Въ послѣдніе два мѣсяца она совсѣмъ потеряла голосъ, и даже шепотомъ разговаривать было для нея трудно.

Сидѣлка молча подошла и, схвативъ ее поперекъ тѣла большими грубыми руками отставной прачки, живо и безцеремонно посадила ее, прислонила къ спинкѣ кровати и сунула ей подушку за спину. Она обходилась съ нею, какъ будто это была механическая кукла, а не живой человѣкъ. Пашенька поправилась на мѣстѣ, машинально обдернула одѣяло и по дорогѣ посмотрѣла на свою сухую, какъ будто отпрепарированную руку, до такой степени исхудалую, что лучевая и локтевая кости явственно отдѣлялись другъ отъ друга, и брезгливо спрятала ее подъ одѣяло. Черезъ нѣсколько секундъ руки ея поднялись къ горлу и поправили воротъ кофточки. Потомъ она пошарила въ ящикѣ больничнаго столика и, доставъ оттуда два обрывка красной тесемки, обвязала ими рукава вокругъ кисти. Она не хотѣла показывать Владиміру Ивановичу, какъ исхудало это изможденное тѣло, которое даже ей самой опротивѣло до такой степени, что она подчасъ просто отказывалась признать его своимъ.

Сосѣдка Пашеньки, шестидесятилѣтняя цыганка съ огромнымъ носомъ, который съ ужасающею рельефностью отдѣлялся отъ ея ввалившихся щекъ, тоже зашевелилась.

— И меня поднимите! — прохрипѣла она, дѣлая напрасное усиліе, чтобы приподняться на постели. Кровать ея была устроена въ видѣ огромной колыбели, ибо цыганка постоянно металась и по ночамъ все падала съ обыкновенной кровати. Сидѣлка подошла и въ недоумѣніи остановилась. Подушки и простыни на днѣ колыбели были безпорядочно скомканы и скручены жгутами, и длинное костлявое тѣло лежало на верху, совершенно обнаженное. Это былъ результатъ постоянныхъ усилій цыганки принять болѣе удобную позу. Сидѣлка послѣ минутной нерѣшительности выдернула простыню изъ-подъ низу и прикрыла ею обнаженное тѣло цыганки.

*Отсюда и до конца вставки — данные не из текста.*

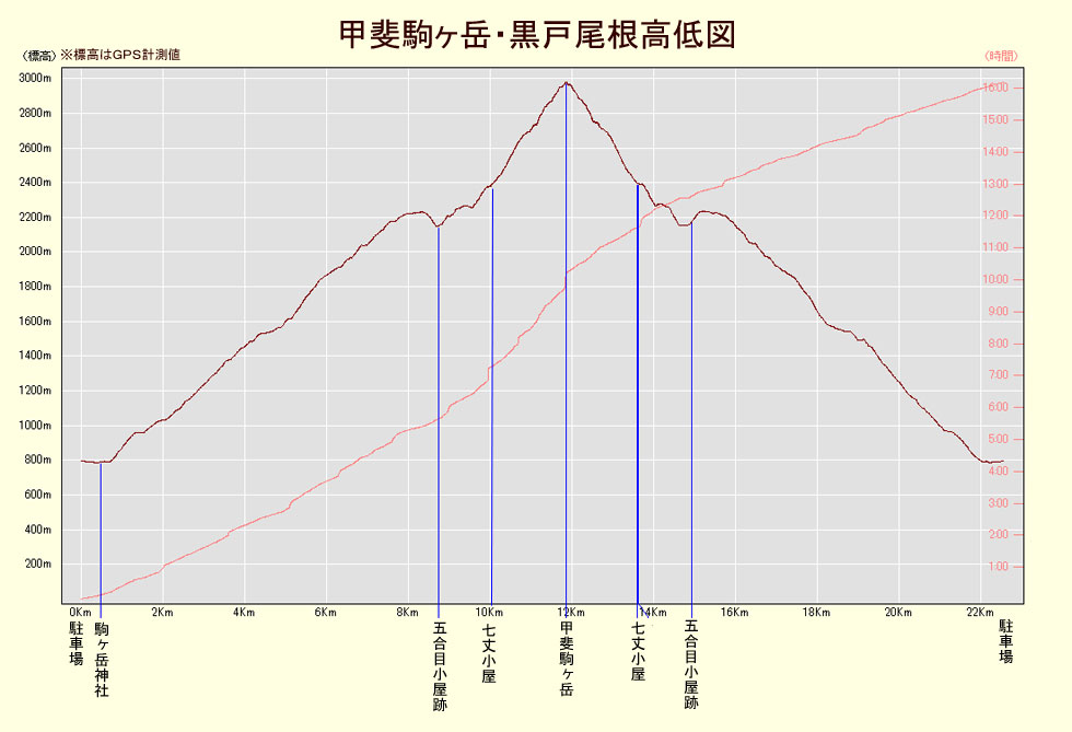 駐車場標高/770M 標高差/2197M 総歩行距離/22581M | ||||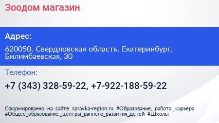 Зоодом, магазин по адресу 620050, Свердловская область, Екатеринбург, Билимбаевская, 30 в дальнейшем Организация, размещена в следующих категориях: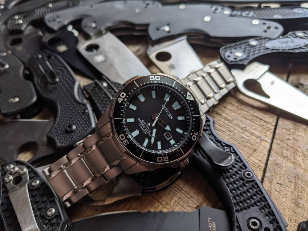 Citizen Promaster Titanium – I won’t spend too much time on this one. It’s amazing and with the titanium case you can forget you are wearing it. Like many of these quartz divers, the lume is only ho-hum.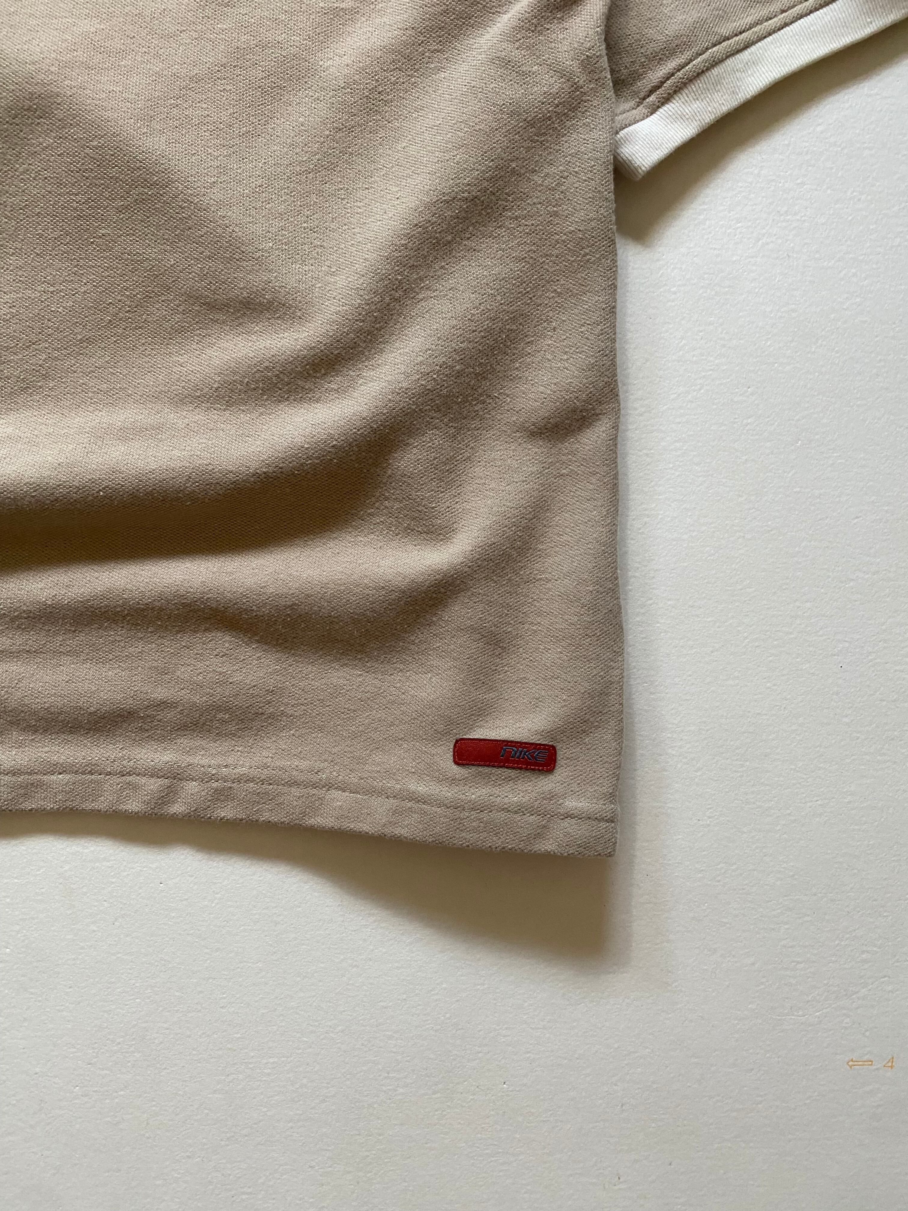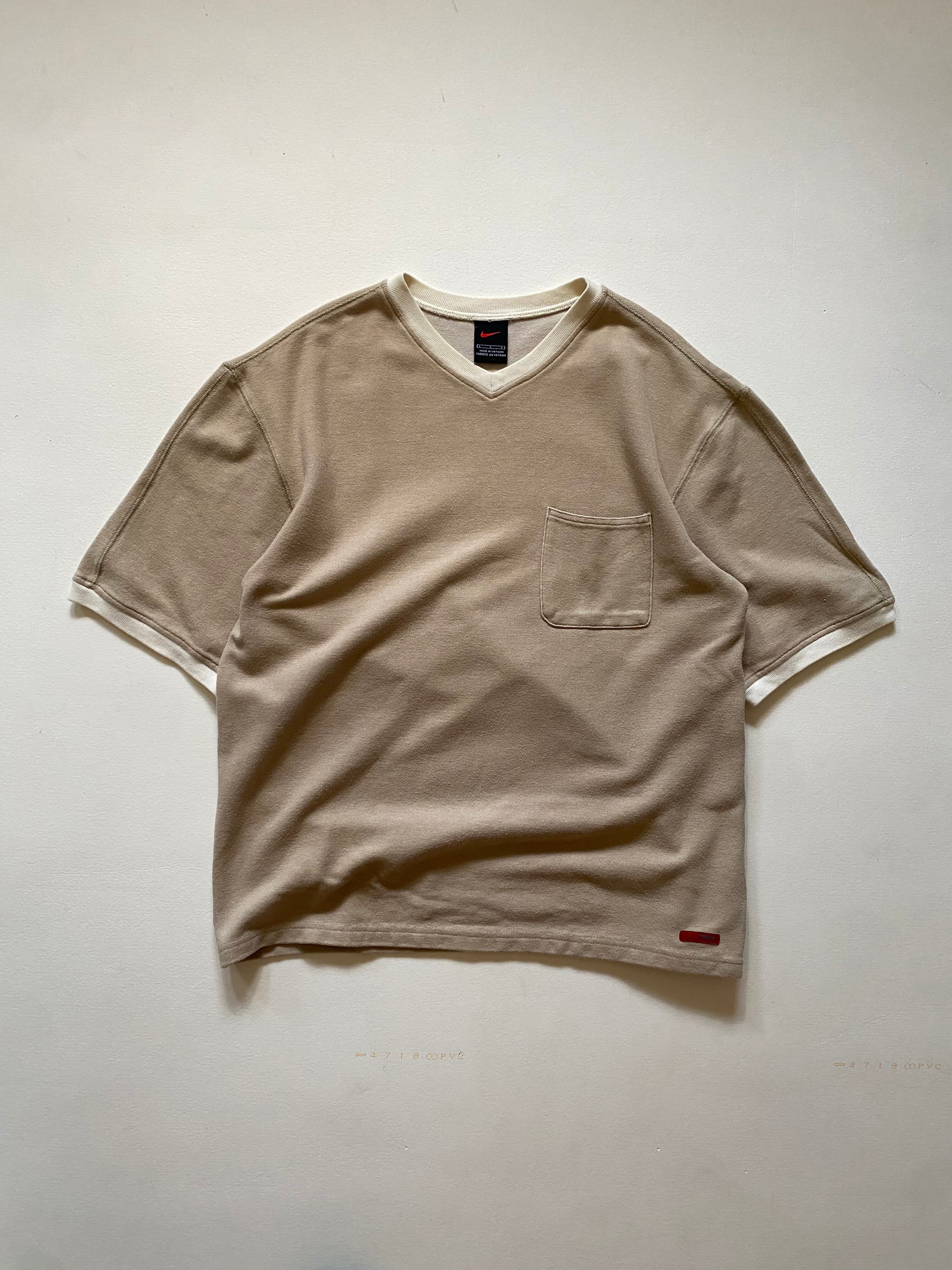 絶妙なベージュカラーとお洒落なツートントリムが魅力の00s- Nike VネックTシャツ。ポケットや肩のスウッシュがアクセントとなり、細部にまでこだわった一枚です。このTシャツは、シンプルながらもおしゃれを楽しむことができ、幅広いコーディネートに対応できます。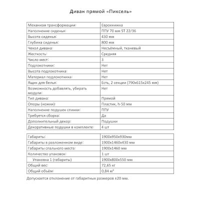 Диван Пиксель (Аквилон) – товар доступен к покупке в интернет-магазине dommebeli-v-naberezhnyh-chelnah.ru. Цена – 30 317 руб. без учета доставки. Стоимость дополнительных услуг и сроки получения мебели уточняйте у менеджера. Возможен безналичный расчет, оплата по карте на сайте.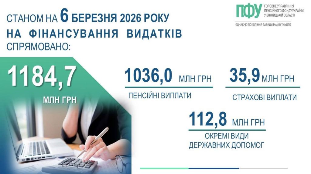 Жителям Вінницької області вчасно профінансували пенсії, страхові виплати та державні соціальні допомоги. Станом на 6 березня 2026 року на ці потреби спрямували понад 1,18 млрд грн.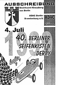 16. Juli 1949: Der Mehringdamm gehört erstmals den Seifenkisten Auf eine langjährige Tradition kann das Berliner Seifenkisten-Derby zurückblicken. Am 4. Juli 1999 unter der Schirmherrschaft des Bezirksamtes Kreuzberg und des ADAC Berlin zum 40. Male ausgetragen, ist es inzwischen nicht erst 40 Jahre, sondern sogar ein halbes Jahrhundert alt. Die Erklärung dafür ist einfach, hatte man doch mangels der für solche Veranstaltungen unentbehrlichen Sponsoren in der Zeit von 1972 bis 1981 eine Zwangspause einlegen müssen. Seitdem aber findet der populäre sportliche Wettkampf für Kinder und Jugendliche mit den lautweil benzinlosen Seifenkisten auf dem Mehringdamm wieder alljährlich statt.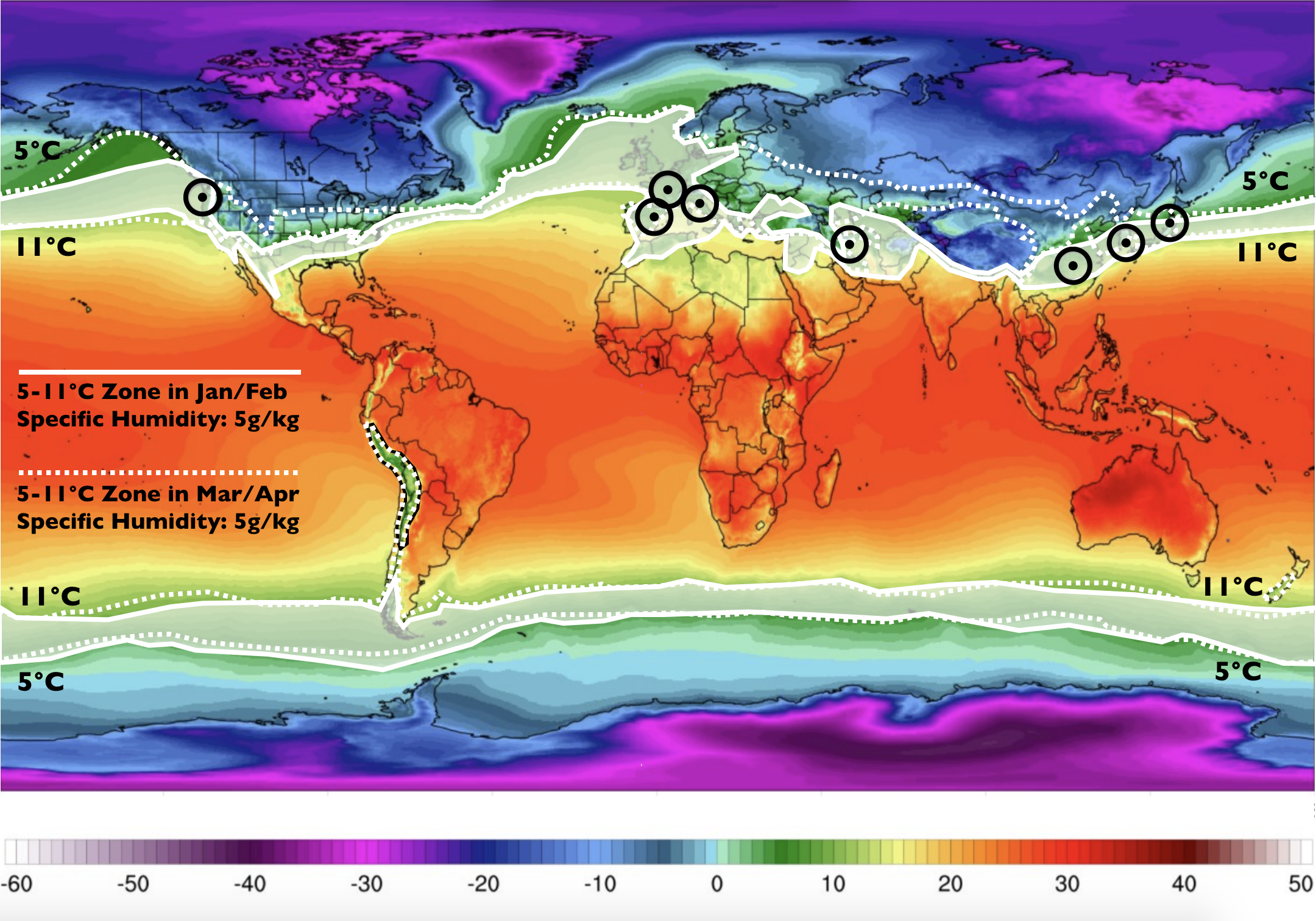 2018年11月至2019年3月全球温度地图,单位为摄氏度。黑色圆圈代表出现显著社区传播的地区 (截止2020年3月10日大于10例死亡病例)。原图来自美国缅因大学气候变化研究所的气候再分析器 (https://ClimateReanalyzer.org)。该图改编自 “温度、湿度和纬度分析以预测COVID-19的潜在扩散和季节性”[6]。

— Поднимите меня! — прохрипѣла старуха, вращая синеватыми бѣлками огромныхъ черныхъ глазъ, но сидѣлка нетерпѣливо махнула рукой и пошла обратно.

Другая сосѣдка Пашеньки, десятилѣтняя Машутка, стрѣльнула глазками навстрѣчу сидѣлкѣ и тотчасъ же опять спрятала голову подъ одѣяло. Пашенька посмотрѣла на нее враждебнымъ взглядомъ. Дѣвченка составляла предметъ отвращенія и для больныхъ, и для сидѣлокъ. Отъ слабости, или отъ малолѣтства, она совсѣмъ не умѣла управлять своимъ тѣломъ и еще болѣе заражала воздухъ, и безъ того переполненный испареніями залежавшихся постелей, нездоровой мокроты и пахучихъ лѣкарствъ.

Овчарка тотчасъ же насторожилась и подошла къ большой кровати, на которой маленькое тѣльце Машутки лежало, какъ пучокъ лохмотьевъ, прикрытый одѣяломъ.

— Прячешься, подлая? — сердито спросила она, дернувъ одѣяло за одинъ уголъ. — Опять, видно, напакостила, змѣя.

Она со злостью стала убирать простыни и по дорогѣ наградила Машутку увѣсистымъ шлепкомъ. — Вотъ тебѣ, не пакости! — учительно прибавила она.

Дѣвочка не протестовала и даже не плакала. Первыя девять лѣтъ своей жизни она прожила у тетки, которая была прачкой и которую чужіе люди тоже называли — тетка Дарья. Мать ея постоянно жила въ прислугахъ и называлась тетка Марья и, приходя къ нимъ въ гости, такъ и заставляла Машутку называть себя теткой. По разсчету Машутки выходило, что у нея совсѣмъ нѣтъ мамки, какъ у другихъ ребятъ, а есть только тетки. Съ полгода тому назадъ Машутку отдали учиться въ швейную мастерскую, и хозяйка велѣла называть себя мамашей, но жилось здѣсь еще хуже, чѣмъ дома, и у новой мамаши рука была жестче, чѣмъ у прежнихъ тетокъ. Въ общемъ, шлепки до того вошли въ обиходъ Машуткиной жизни, что здѣсь, въ больницѣ, безъ поучающей строгости сидѣлокъ она чувствовала бы себя внѣ обычной колеи.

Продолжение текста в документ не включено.